Najpierw jest to normalny całus, jednak po chwili przeradza się w namiętny pocałunek. Oktawian łapie moją twarz w swoje dłonie i przerywa, patrząc mi w oczy. 

- Może zostaniesz jeszcze chwilkę? - pyta, a w jego oczach widzę na co ma ochotę.

- O nie, nie, nie - mówię i natychmiast wyplątuję się z jego objęć i uścisków - idę biegać, a ty jeśli się nie pospieszysz to spóźnisz się do pracy. Oktawian jęczy z niezadowoleniem, ale jestem nieugięta. Cmokam go szybko w policzek i wychodzę z domu z butelką wody.

Ranek jest chłodny, jednak wcale mi to nie przeszkadza. Zadowolona zaczynam biec. Nic tak nie poprawia mi nastroju jak zmęczenie się rano.

Po upływie około dziesięciu minut mój telefon zaczyna dzwonić. Wyciągam go z kieszeni i od razu mam ochotę wyrzucić go jak najdalej. Na wyświetlaczu widnieje numer mojego szefa, a to może oznaczać tylko jedno.

- Kinga - po jego tonie rozpoznaję, że nie dzwoni żeby zapytać o moje samopoczucie - za pół godziny widzę cię w firmie.

- Tak... - nie kończąc zdania odkładam telefon, słysząc dźwięk, który uświadamia mi, że romowa została skończona - świetnie, naprawdę super - mruczę pod nosem i sprintem lecę do domu.

W środku panuje cisza. Moje śniadanie leży na stole, ale nie ma teraz na nie czasu. Wbiegam po trzy schodki na górę i gdy jestem już przy drzwiach łazienki naciskam na klamkę lecz nie ustępują.

- Co jest do cholery? - pytam sama siebie, a po chwili słysząc szum wody, uświadamiam sobie, że Oktawian jeszcze jest w domu - wyłaź! - krzyczę, waląc w drzwi z całej siły żeby usłyszał.

Kilka sekund później woda przestaje lecieć i drzwi otwierają się lekko, a przez nie widzę półnagiego męża ociekającego wodą.

- Muszę wziąć prysznic - mówię i nie czekając na jego reakcję wchodzę do łazienki.

- Może weźmiemy razem? - pyta, puszczając mi oczko. Wiem co mu chodzi po głowie, ale w obecnej sytuacji nie ma nawet o czym marzyć.

- Strasznie się spieszę, za pół godziny muszę być w pracy.

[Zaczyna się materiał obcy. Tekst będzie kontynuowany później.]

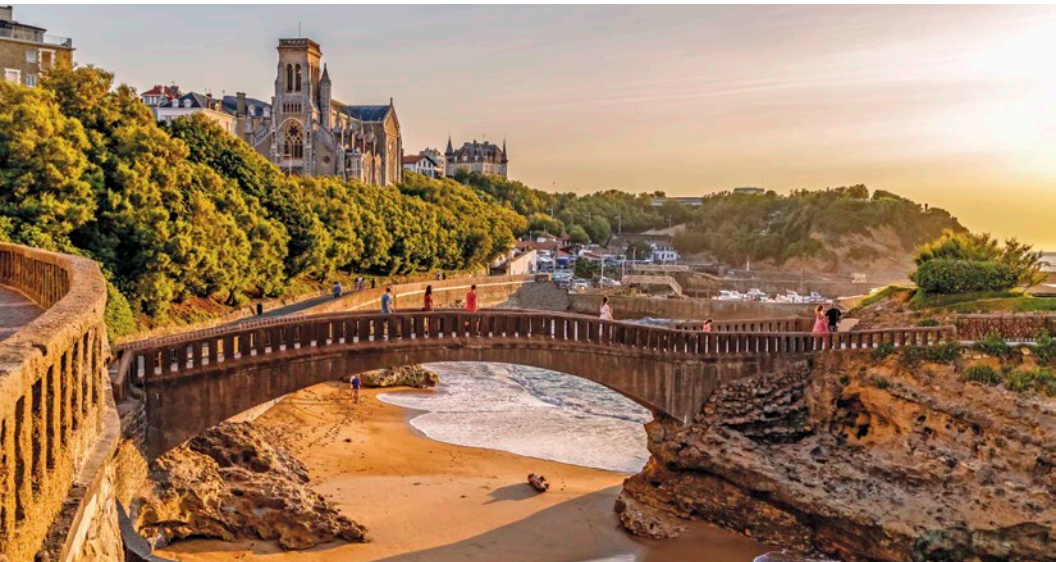
St. Eugénie Church, Biarritz

outcrop for sweeping coastal views. Visit the old fishing port and the medieval watchtower.
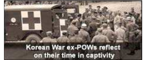
Korean War ex-POWs reflect on their time in captivity
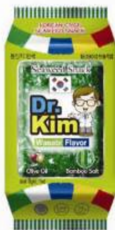
Roasted Seaweed with WASABI POWDER

Patrzy na mnie pytająco, ale nic nie mówiąc wychodzi.

Szybko zrzucam z siebie ubrania i pozwalam, żeby woda zmyła ze mnie cały pot, który zalał mnie gdy spieszyłam się do domu.

Mając się i ubierając, zastanawiam się, co takiego pilnego stało się, że muszę pojawić się w pracy aż półtorej godziny wczesniej. Mam nadzieję, że to nie jakaś bzdura, z którą mogliby sobie poradzić beze mnie.

Piętnaście minut później jestem gotowa do wyjścia. W brzuchu mnie ssie z głodu, ale nie mam czasu na jedzenie. Puszczam Oktawianowi buziaka w powietrzu i wychodzę. Pół godziny to pół godziny. Zostało mi tylko dziewięć minut. Wsiadam do samochodu i po drodze łamię chyba wszystkie możliwe przepisy żeby tylko się nie spoźnić.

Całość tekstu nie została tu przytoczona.